The development and manufacturing of flexible interconnects is capital
intensive. To remain competitive, we must continue to make significant
expenditures for capital equipment, expansion of operations and research
and development. We expect that substantial capital will be required to
expand our manufacturing capacity and fund working capital for anticipated
growth. We may need to raise additional funds either through borrowings or
further equity financing. We may not be able to raise additional capital
on reasonable terms, or at all. If we cannot raise the required funds when
needed, we may not be able to satisfy the demands of existing and
prospective customers and may lose revenue and market share.


29


Our operating results fluctuate and may fail to satisfy the expectations of
public market analysts and investors, causing our stock price to decline.

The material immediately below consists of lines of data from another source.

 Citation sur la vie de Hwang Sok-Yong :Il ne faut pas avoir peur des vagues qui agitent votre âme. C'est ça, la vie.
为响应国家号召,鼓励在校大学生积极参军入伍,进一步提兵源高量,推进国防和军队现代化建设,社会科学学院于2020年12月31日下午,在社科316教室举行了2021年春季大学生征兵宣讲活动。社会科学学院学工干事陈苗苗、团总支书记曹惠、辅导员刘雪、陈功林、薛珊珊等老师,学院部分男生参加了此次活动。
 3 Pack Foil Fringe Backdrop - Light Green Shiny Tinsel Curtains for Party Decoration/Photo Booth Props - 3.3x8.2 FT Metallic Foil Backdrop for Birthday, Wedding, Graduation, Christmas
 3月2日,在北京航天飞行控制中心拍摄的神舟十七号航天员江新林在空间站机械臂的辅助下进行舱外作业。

Our operating results have fluctuated significantly in the past and we
expect our results to continue to fluctuate in the future. Our results may
fluctuate due to a variety of factors, including the timing and volume of
orders from customers, the timing of introductions of and market acceptance
of new products, changes in prices of raw materials, variations in
production yields and general economic trends. It is possible that in some
future periods our results of operations may not meet or exceed the
expectations of public market analysts and investors. If this occurs, the
price of our common stock is likely to decline.

Our quarterly results depend upon a small number of large orders received
in each quarter, so the loss of any single large order could adversely
impact quarterly results and cause our stock price to drop.

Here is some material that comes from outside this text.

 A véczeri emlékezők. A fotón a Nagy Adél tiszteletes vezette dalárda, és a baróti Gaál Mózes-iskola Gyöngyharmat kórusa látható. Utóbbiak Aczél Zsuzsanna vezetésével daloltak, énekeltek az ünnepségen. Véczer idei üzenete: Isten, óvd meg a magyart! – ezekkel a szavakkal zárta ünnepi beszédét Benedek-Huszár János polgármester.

A substantial portion of our sales in any given quarter depends on
obtaining a small number of large orders for products to be manufactured
and shipped in the same quarter in which the orders are received. Although
we attempt to monitor our customers' needs, we often have limited knowledge
of the magnitude or timing of future orders. It is difficult for us to
reduce spending on short notice on operating expenses such as fixed
manufacturing costs, development costs and ongoing customer service. As a
result, a reduction in orders, or even the loss of a single large order,
for products to be shipped in any given quarter could have a material
adverse effect on our quarterly operating results. This, in turn, could
cause our stock price to decline.

Because we sell a substantial portion of our products to a limited number
of customers, the loss of a significant customer or a substantial reduction
in orders by any significant customer would adversely impact our operating
results.

Historically we have sold a substantial portion of our products to a
limited number of customers. Our 20 largest customers based on sales
accounted for approximately 52% of total revenues in fiscal year 2004, 50%
of total revenues in fiscal year 2003, and 44% in fiscal year 2002.

We expect that a limited number of customers will continue to account for a
high percentage of our total revenues in the foreseeable future. As a
result, the loss of a significant customer or a substantial reduction in
orders by any significant customer would cause our revenues to decline and
have an adverse effect on our operating results.

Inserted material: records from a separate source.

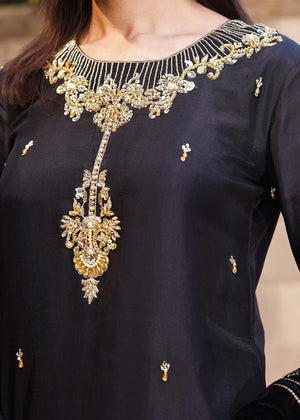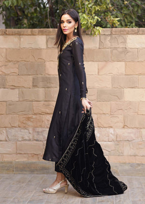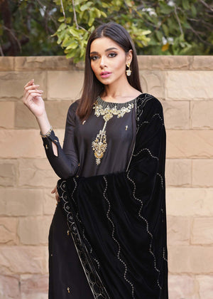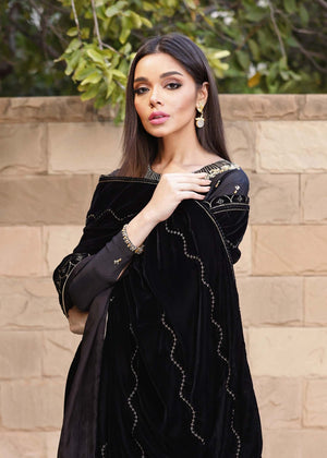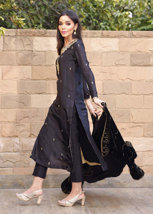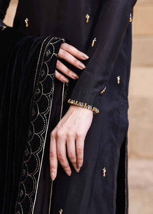 Cut from pure sheesha silk, the Elif shirt boasts a fully hand embellished neckline. Subtly shimmering Swarovski crystals and sequins adds an eye-catching mystique.Pair the look with an exclusively designed in-house shawl on luscious velvet. Accentuated with hand embellished glistening gold sequins, trimmed with a delicate tilla border in gold making this shawl the most unique statement piece in your wardrobe.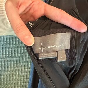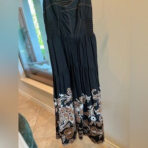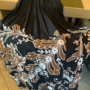 Anthropologie Black Midi Dress with Brown Floral Border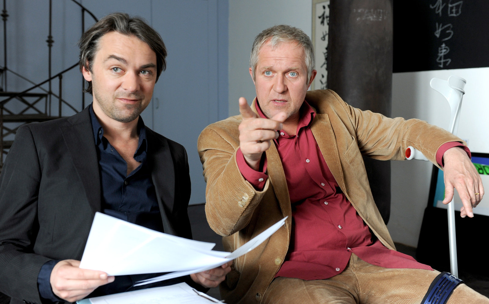 Die Hölle sind wir"Paul Kemp - Alles kein Problem", "Die Hölle sind wir." Mitten in die Mediation eines pikant-bösartigen Dreieckverhältnisses, die Kompagnon Mark völlig überfordert führt, platzt Paul Kemp und kann die gerade in eine Schlägerei ausartende Konfrontation schlichten. Doch schon steht der nächste Fall an, der sich besonders heikel entwickelt, da Paul ausgerechnet an jene Schule zur Schlichtung eines Mobbingfalles berufen wird, wo sein Nachbar und Liebhaber seiner Frau, Christian, Direktor ist. Den beruflichen Fall kann Paul nach unerwarteten Turbulenzen bereinigen, seine privaten Probleme aber vertiefen sich nach einer Konfrontation mit Christian. Als sich Pauls Mutter, sie konnte Ella nie leiden, beginnt in die Eheprobleme ihres Sohnes einzumischen, ist das der Beziehung gar nicht förderlich. Noch weniger soll dies aber Pauls Begegnung mit Lisa werden, der Mutter einer Schulfreundin seines Sohnes Tim.Im Bild (v.li.): Johannes Silberschneider (Wolfgang Fiala), Harald Krassnitzer (Paul Kemp).Bild: © ORF/Ali Schafler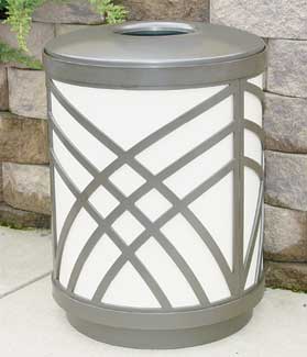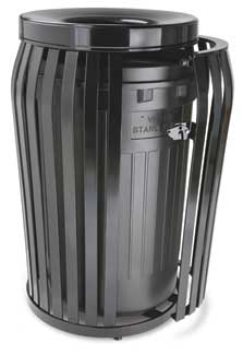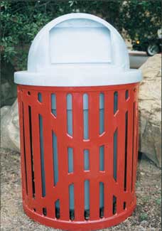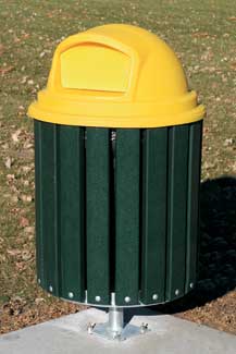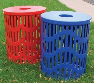 Many styles and colors of lids top off the containers to provide collection points for trash and recyclables. Identify your school, park, golf course, program or donor with an engraved name or message in colorful filled letters on plastic slats. School colors, company colors or the landscape theme colors can be incorporated into the receptacles and lids to make trash collection more appealing to the public. These made-for-outdoor receptacles include heavy gauge steel frames and welded construction for maximum durability. Steel and plastic lids can resist the abuse of constant exposure to weather and the public.

If we are unable to respond effectively to the evolving technological
requirements of customers, our products may not be able to satisfy the
demands of existing and prospective customers and we may lose revenues and
market share.

The market for our products is characterized by rapidly changing technology
and continuing process development. The future success of our business
will depend in large part upon our ability to maintain and enhance our
technological capabilities. We will need to develop and market products
that meet changing customer needs, and successfully anticipate or respond
to technological changes on a cost-effective and timely basis. There can
be no assurance that the materials and processes that we are currently
developing will result in commercially viable technological processes, or
that there will be commercial applications for these technologies. In
addition, we may not be able to make the capital investments required to
develop, acquire or implement new technologies and equipment that are
necessary to remain competitive. If we fail to keep pace with
technological change, our products may become less competitive or obsolete
and we may lose customers and revenues.

Competing technologies may reduce demand for our products.


30


Flexible circuit and laminated cable interconnects provide electrical
connections between components in electrical systems and are used as a
platform to support the attachment of electronic devices. While flexible
circuits and laminated cables offer several advantages over competing
printed circuit board and ceramic hybrid circuit technologies, our
customers may consider changing their designs to use these alternative
technologies in future applications. If our customers switch to
alternative technologies, our business, financial condition and results of
operations could be materially adversely affected. It is also possible
that the flexible interconnect industry could encounter competition from
new technologies in the future that render existing flexible interconnect
technology less competitive or obsolete.

We are heavily dependent upon certain target markets for domestic
manufacturing. A slowdown in these markets could have a material impact on
domestic capacity utilization resulting in lower sales and gross margins.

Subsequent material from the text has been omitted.